Biochips raise critical issues of personal privacy

DNA microchips will soon be able to reveal to anyone an accurate profile of your personality and potential

All things change, I am told, but I greatly fear one change about to overcome us in the new millennium — loss of individual privacy. I don’t mean strangers listening through key holes or reading my e mail. I have something much more personal in mind.

What I fear I shall lose in the coming decade is my private sense of self, that unique collection of foibles and strengths that make me a particular person — one who wears clogs, is a bit over-feisty, and takes lipitor to keep my cholesterol down. Before this decade ends, a simple sample of my blood, tested with a biochip, will quickly and cheaply yield a computer characterization of my genes, a summary that can reveal to any stranger the secrets of my innermost self.

A biochip, also called a gene microarray, is a square of glass smaller than a postage stamp, covered with millions of strands of DNA like blades of grass. Biochips were invented nine years ago by gene scientist Stephen Fodor. In a flash of insight, he saw that photolithography, the process used to etch semiconductor circuits into silicon, could also be used to assemble particular DNA molecules on a chip — a biochip.

Think of the chip surface as a field of assembly sites, much as a TV screen is a field of colored dots. Just as a scanning beam moves over each individual TV dot instructing it to be red, green, or blue (the three components of color), so a scanning beam moves over each biochip spot, commanding the addition there of a base to a growing strand of DNA. A computer, by varying the wavelength of the scanning beam, determines which of four possible units, called nucleotides, is added to the growing DNA strand anchored to each spot. When the entire chip has been scanned, each DNA strand has been lengthened one nucleotide unit. The computer repeats the process, layer by layer, until each DNA strand is an entire gene or gene fragment. One biochip made in this way contains hundreds of thousands of specific gene sequences.

How could you use such a biochip to delve into my genes? All you would have to do is to obtain a little of my DNA, say from a blood sample or even a bit of hair. Flush fluid containing my DNA over the biochip surface. Every place my DNA has a gene matching one of the biochip strands, it will stick to it in a way the computer can detect.

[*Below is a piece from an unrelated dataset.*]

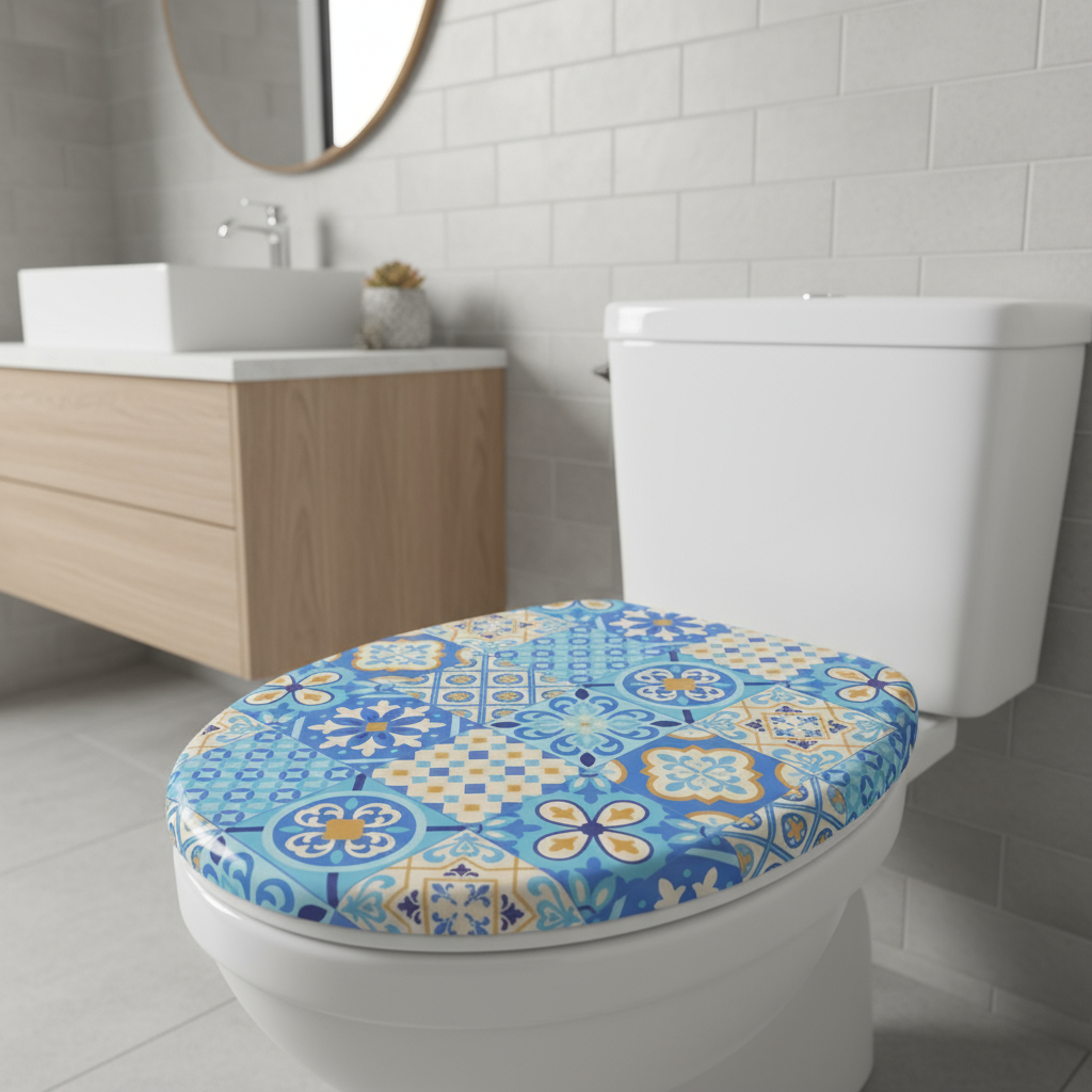 Tampa de Privada Vaso Sanitário Almofadada Estampada Universal Fácil de Instalar
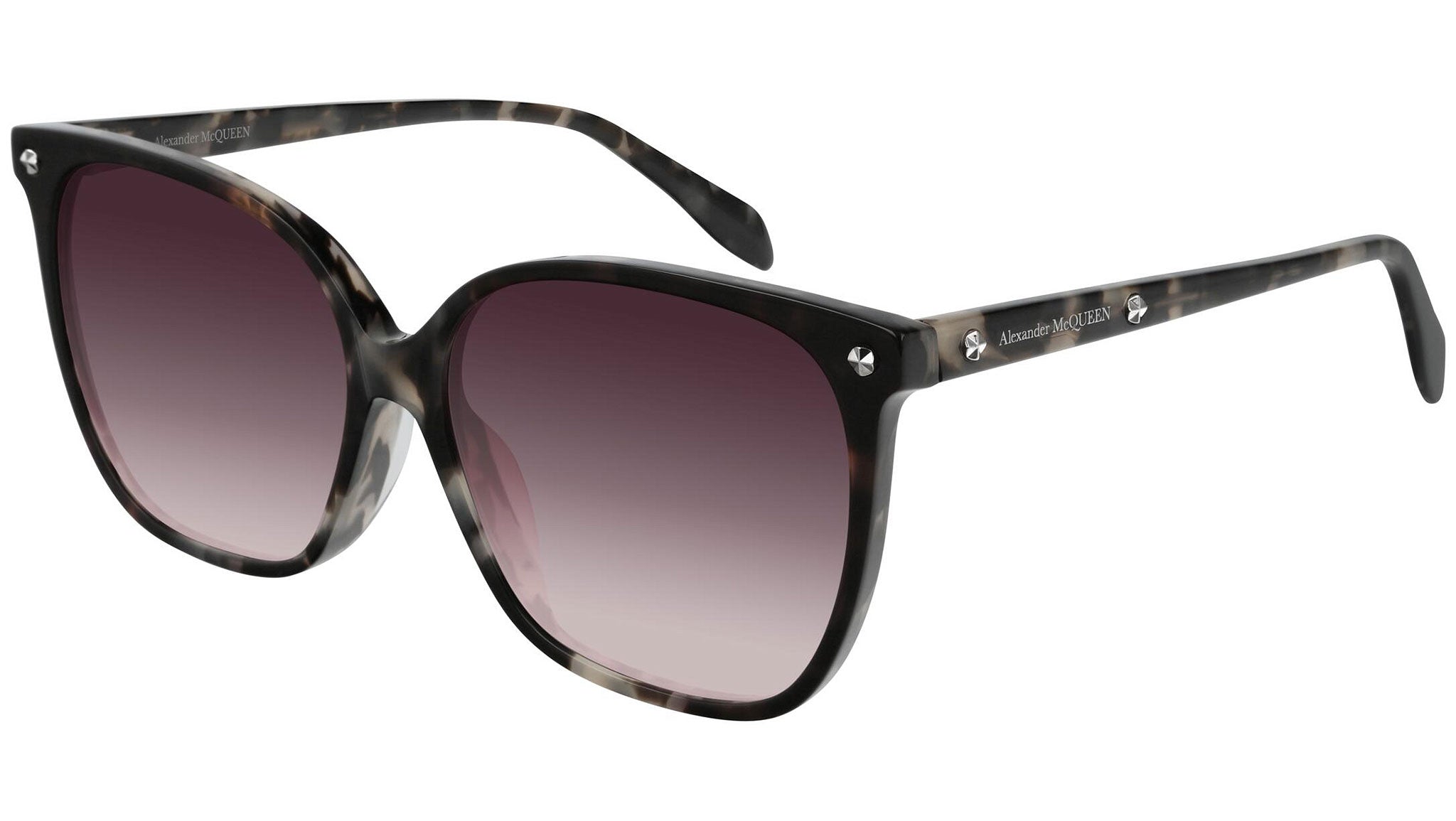 AM0188SA 004 sunglasses by Alexander McQueen with shiny gradient dark havana / spotted dark grey havana frame and gradient bordeaux lenses. Alexander McQueen Eyewear eyewear styles represent a juxtaposition between contrasting elements: femininity and masculinity, fragility and strength, tradition and modernity. An innovative and uncompromising identity of the fashion house.

Now here is where it gets interesting — and scary. The mad rush to sequence the human genome is over. The gene research firm Celera announced Monday it has essentially completed the sequence, with over 90% of genes done. Already the researchers are busily comparing their consensus “reference sequence” to the DNA of individual people, and noting any differences they detect.

Called single nucleotide polymorphisms, or snps (pronounced “snips”), these spot differences in the identity of particular nucleotides record every way in which a particular individual differs from the reference sequence. Some single nucleotide snips cause diseases like cystic fibrosis or sickle cell anemia. In my case, particular snps give me red hair and elevated levels of cholesterol in my blood. Everything genetic about me that is different from you is caused by a few thousand snps; otherwise you and I are identical.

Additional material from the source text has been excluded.